Время потекло назад, потом, словно спохватившись, сделало оборот вокруг оси, свернулось спиралью, запульсировало и опять обрело линейность.

Где-то вдали на секунду мелькнул силуэт жены, идущей по тропинке в джунглях, потом появилась дочка, рассыпала учебники из ранца и убежала вперед по оси времени.

Оленев стоял посреди этого стойко, как солдатик из старой сказки, вытянув руки по швам и готовый к чему угодно.

И лишь когда все начало упорядочиваться и принимать более или менее сносные формы, Оленев поглядел на часы, идущие как попало, перевел дыхание и осмотрелся. Квартира была та же и не та, но что именно в ней переменилось, он так и не понял. Позабытое им чувство беспокойства и тревоги заставляло делать что-то, мучительно размышлять об утраченном равновесии.

Из дальней комнаты донеслось старческое шлепанье босых ног и кашель, привычный, знакомый. А потом послышалось пение. Отец никогда не пел, даже за праздничным столом, тем более странно было слышать слова старой колыбельной:

Баю-баюшки-баю,Сидит ворон на дубу,Он играет во трубу,Во серебряную…

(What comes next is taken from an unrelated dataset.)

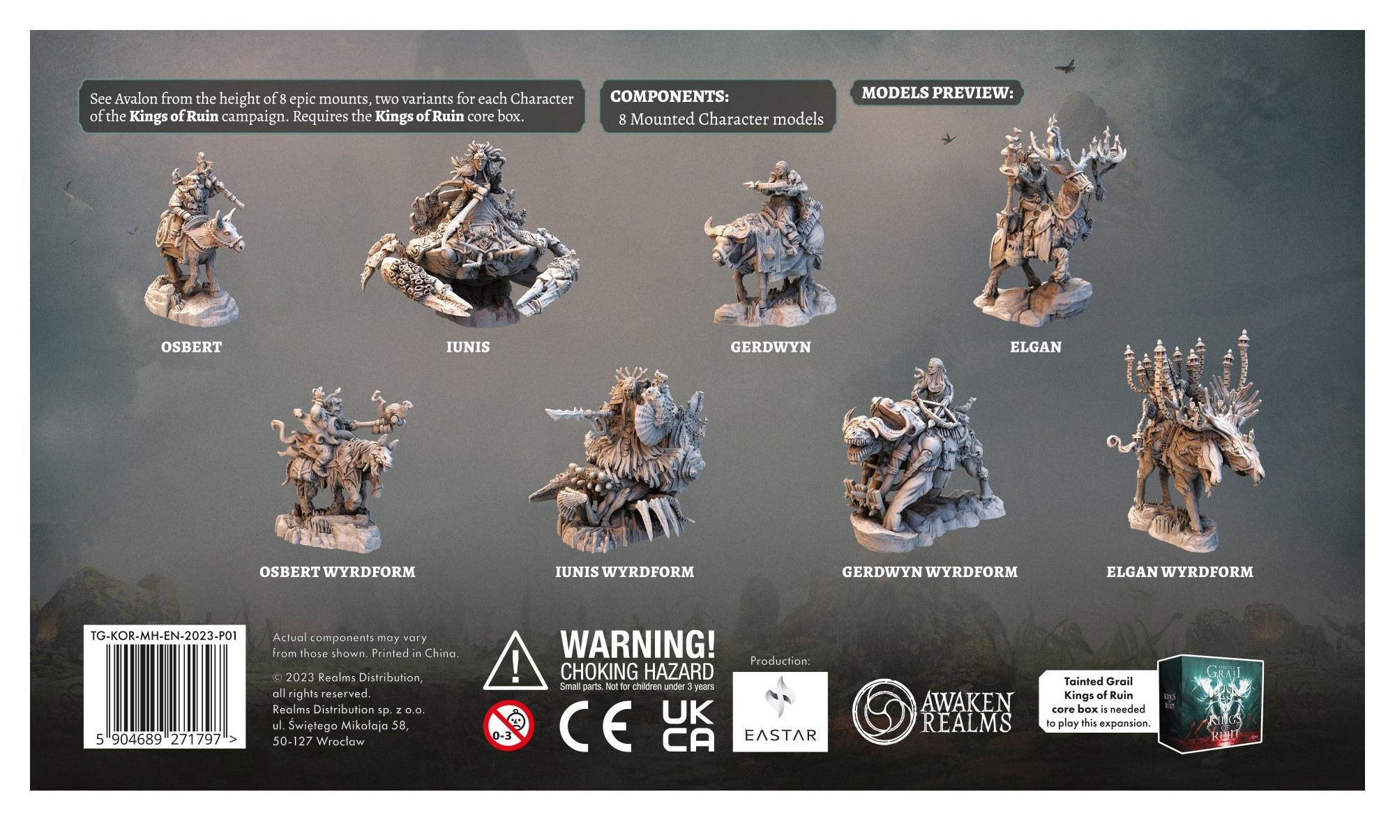 This cosmetic Tainted Grail: Kings of Ruin add-on introduces 8 mounted character models, two variants for each hero of the campaign (one standard version and one Wyrdform version). Requires Kings of Ruin Core Box.

Оленев вошел в комнату отца и увидел, как тот в длинных сатиновых трусах расхаживает от стены к стене и укачивает Леркину куклу, заботливо укутанную в рубашку.

— Ты чего, батя?

Отец хихикнул и подмигнул левым глазом.

— Спи, — сказал Юра и прикрыл дверь.

Рядом с дверью появилась новая вещь — большое старинное зеркало в тяжелой бронзовой раме. Юра машинально остановился возле него, но не увидел своего отражения. В зеркале, напротив Юры, стояла его молодая мама и поправляла волосы. В цветном крепдешиновом платье с плечиками, с голубыми, чуть печальными глазами, почти позабытая, но не забываемая им никогда, она смотрела прямо на него, он не выдержал и сказал:

— Здравствуй, мама.

Она ничего не ответила, положила расческу на тот подзеркальник и молча вышла, как из кадра кино. Вместо нее остался кусок прошлого: обои из далекого детства, копия картины Шишкина и давным-давно сожженный фанерный шкаф.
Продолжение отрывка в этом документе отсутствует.